5 日目の記事です。

console.log() で出力するときに CSS を使って文字の色や大きさなどを変えることができます。

制限が多く表現力は低めです。

%c でスタイル

%c とインライン CSS を使って装飾できます。例えばこう。

console.log('%cStop!', 'color:red; font-size:3em', 'This is not good');

Chrome DevTools での表示。Stop が赤色で大きく表示され、その後に通常の文章が続く。

Firefox での表示。Stop の後が上付きになっている。

Safari での表示。Stop の先も全て赤色になった。

利用可能な CSS プロパティ

MDN によると(Firefox では)以下が利用可能とのことです。アニメーションはできない。

  • background
  • border
  • border-radius
  • box-decoration-break
  • box-shadow
  • clear, float
  • color
  • cursor
  • display
  • font
  • line-height
  • margin
  • outline
  • padding
  • text-* (例:text-transform)
  • white-space
  • word-spacing, word-break
  • writing-mode
  • 及び上記のロングハンドプロパティ(例:background-color, font-size)
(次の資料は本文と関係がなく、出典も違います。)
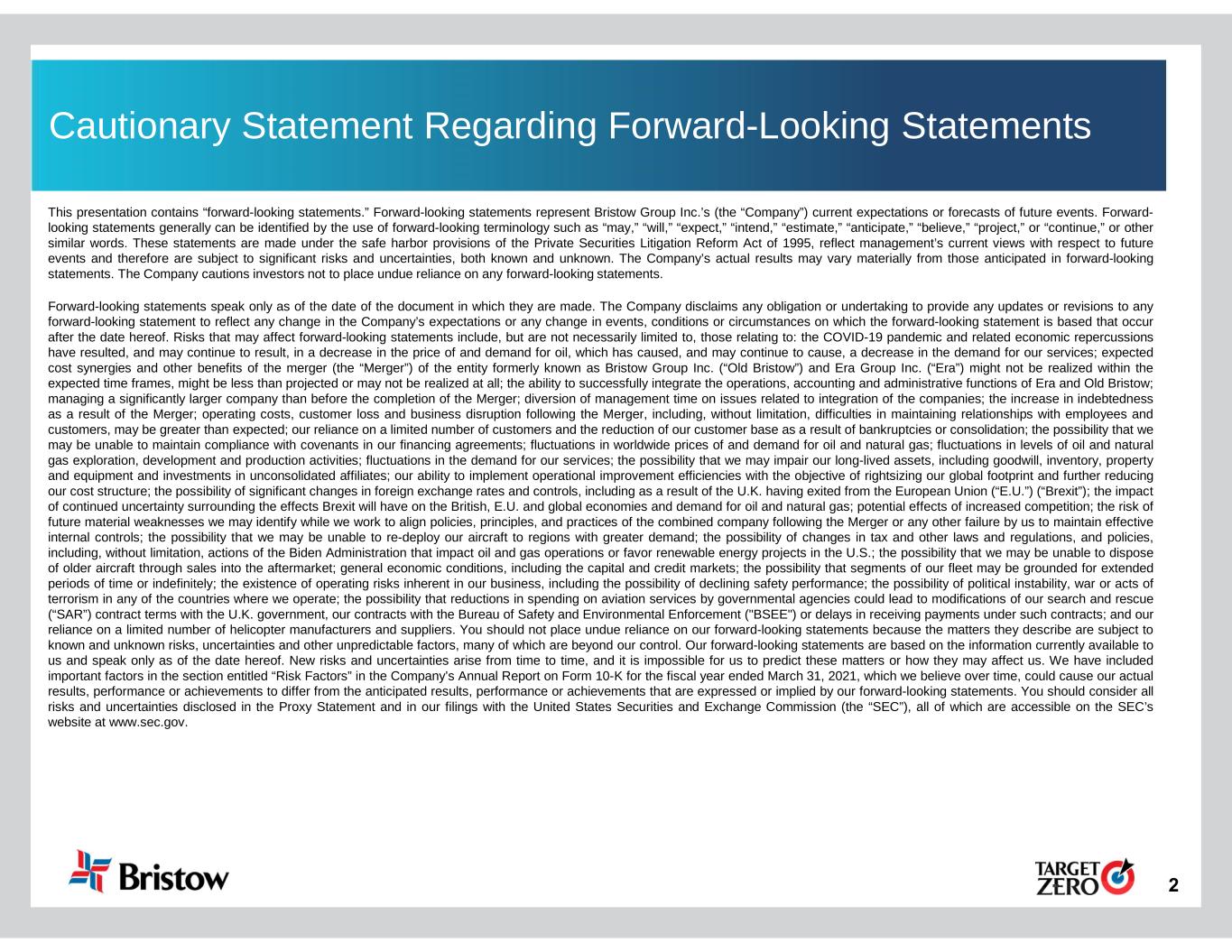 2 Cautionary Statement Regarding Forward-Looking Statements This presentation contains “forward-looking statements.” Forward-looking statements represent Bristow Group Inc.’s (the “Company”) current expectations or forecasts of future events. Forward- looking statements generally can be identified by the use of forward-looking terminology such as “may,” “will,” “expect,” “intend,” “estimate,” “anticipate,” “believe,” “project,” or “continue,” or other similar words. These statements are made under the safe harbor provisions of the Private Securities Litigation Reform Act of 1995, reflect management’s current views with respect to future events and therefore are subject to significant risks and uncertainties, both known and unknown. The Company’s actual results may vary materially from those anticipated in forward-looking statements. The Company cautions investors not to place undue reliance on any forward-looking statements. Forward-looking statements speak only as of the date of the document in which they are made. The Company disclaims any obligation or undertaking to provide any updates or revisions to any forward-looking statement to reflect any change in the Company’s expectations or any change in events, conditions or circumstances on which the forward-looking statement is based that occur after the date hereof. Risks that may affect forward-looking statements include, but are not necessarily limited to, those relating to: the COVID-19 pandemic and related economic repercussions have resulted, and may continue to result, in a decrease in the price of and demand for oil, which has caused, and may continue to cause, a decrease in the demand for our services; expected cost synergies and other benefits of the merger (the “Merger”) of the entity formerly known as Bristow Group Inc. (“Old Bristow”) and Era Group Inc. (“Era”) might not be realized within the expected time frames, might be less than projected or may not be realized at all; the ability to successfully integrate the operations, accounting and administrative functions of Era and Old Bristow; managing a significantly larger company than before the completion of the Merger; diversion of management time on issues related to integration of the companies; the increase in indebtedness as a result of the Merger; operating costs, customer loss and business disruption following the Merger, including, without limitation, difficulties in maintaining relationships with employees and customers, may be greater than expected; our reliance on a limited number of customers and the reduction of our customer base as a result of bankruptcies or consolidation; the possibility that we may be unable to maintain compliance with covenants in our financing agreements; fluctuations in worldwide prices of and demand for oil and natural gas; fluctuations in levels of oil and natural gas exploration, development and production activities; fluctuations in the demand for our services; the possibility that we may impair our long-lived assets, including goodwill, inventory, property and equipment and investments in unconsolidated affiliates; our ability to implement operational improvement efficiencies with the objective of rightsizing our global footprint and further reducing our cost structure; the possibility of significant changes in foreign exchange rates and controls, including as a result of the U.K. having exited from the European Union (“E.U.”) (“Brexit”); the impact of continued uncertainty surrounding the effects Brexit will have on the British, E.U. and global economies and demand for oil and natural gas; potential effects of increased competition; the risk of future material weaknesses we may identify while we work to align policies, principles, and practices of the combined company following the Merger or any other failure by us to maintain effective internal controls; the possibility that we may be unable to re-deploy our aircraft to regions with greater demand; the possibility of changes in tax and other laws and regulations, and policies, including, without limitation, actions of the Biden Administration that impact oil and gas operations or favor renewable energy projects in the U.S.; the possibility that we may be unable to dispose of older aircraft through sales into the aftermarket; general economic conditions, including the capital and credit markets; the possibility that segments of our fleet may be grounded for extended periods of time or indefinitely; the existence of operating risks inherent in our business, including the possibility of declining safety performance; the possibility of political instability, war or acts of terrorism in any of the countries where we operate; the possibility that reductions in spending on aviation services by governmental agencies could lead to modifications of our search and rescue (“SAR”) contract terms with the U.K. government, our contracts with the Bureau of Safety and Environmental Enforcement ("BSEE") or delays in receiving payments under such contracts; and our reliance on a limited number of helicopter manufacturers and suppliers. You should not place undue reliance on our forward-looking statements because the matters they describe are subject to known and unknown risks, uncertainties and other unpredictable factors, many of which are beyond our control. Our forward-looking statements are based on the information currently available to us and speak only as of the date hereof. New risks and uncertainties arise from time to time, and it is impossible for us to predict these matters or how they may affect us. We have included important factors in the section entitled “Risk Factors” in the Company’s Annual Report on Form 10-K for the fiscal year ended March 31, 2021, which we believe over time, could cause our actual results, performance or achievements to differ from the anticipated results, performance or achieveme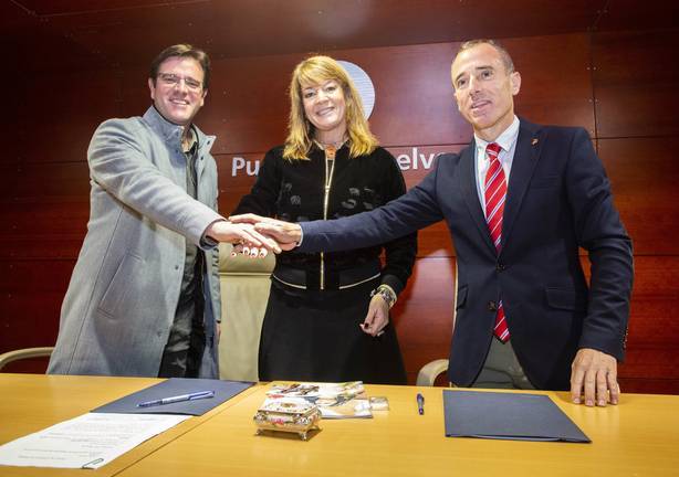 La presidenta de la Autoridad Portuaria de Huelva, Pilar Miranda, ha presentado hoy junto con el presidente de la Hermandad de Villalba del Alcor, Daniel Aguirre y el alcalde de localidad, Diego del Toro, las Fiestas Patronales con las que colabora este año el puerto onubense.

例外は諸々あるようで、例えば text-decoration: blink は駄目でした。そんな気はしていた。

細かいこと

%c が使えるのは第 1 引数のみ

先頭でない場合は無視されるようです。

// だめ
console.log(999, '%cRED', 'color:red');

複数のスタイル

%c を書くたびに新しいスタイルが始まります。後続のインライン CSS も複数用意します。

console.log('%cRED %cBLUE', 'color:red', 'color:blue');

赤色と青色を並べた様子。

書式のクリアー

「元に戻す」的なものはないみたいです。空の CSS を指定してやります。

console.log(
  '%cIMPORTANT %cBig brother is watching %cyou',
  'color:red',
  '',
  'font-weight:bold',
);

先頭は赤色、末尾は太字、その間は特に装飾のない通常の文章が表示される。

画像表示は難あり

試したところ background-image の挙動がどうにも怪しかった。

  • Chrome, Edge – 出る
  • Safari – 出るがずれる
  • Firefox – 出ない

別記事に分けます。

例

あんまり真面目に使うものではないと思いますよ。

炭治郎の市松模様

console.log(
  `${'%c\t'.repeat(6)}%c\n`.repeat(4),
  ...`${'background-color:$;font-size:10px;padding:10px '.repeat(6)} `.repeat(4)
    .split(' ').map((v,i)=>v.replace('$',i%6%2?'#6a8':'#333'))
);

昨今大人気の緑と黒の市松模様がコンソールへ表示されている様子。

なおFirefox だと不思議な感じになってしまった。

おしまい

あんまり真面目に運用しようと思うと諸々詰まるかと思います。程々にしときましょう。ポートフォリオサイトでどでかく HIRE ME 出すくらいなら。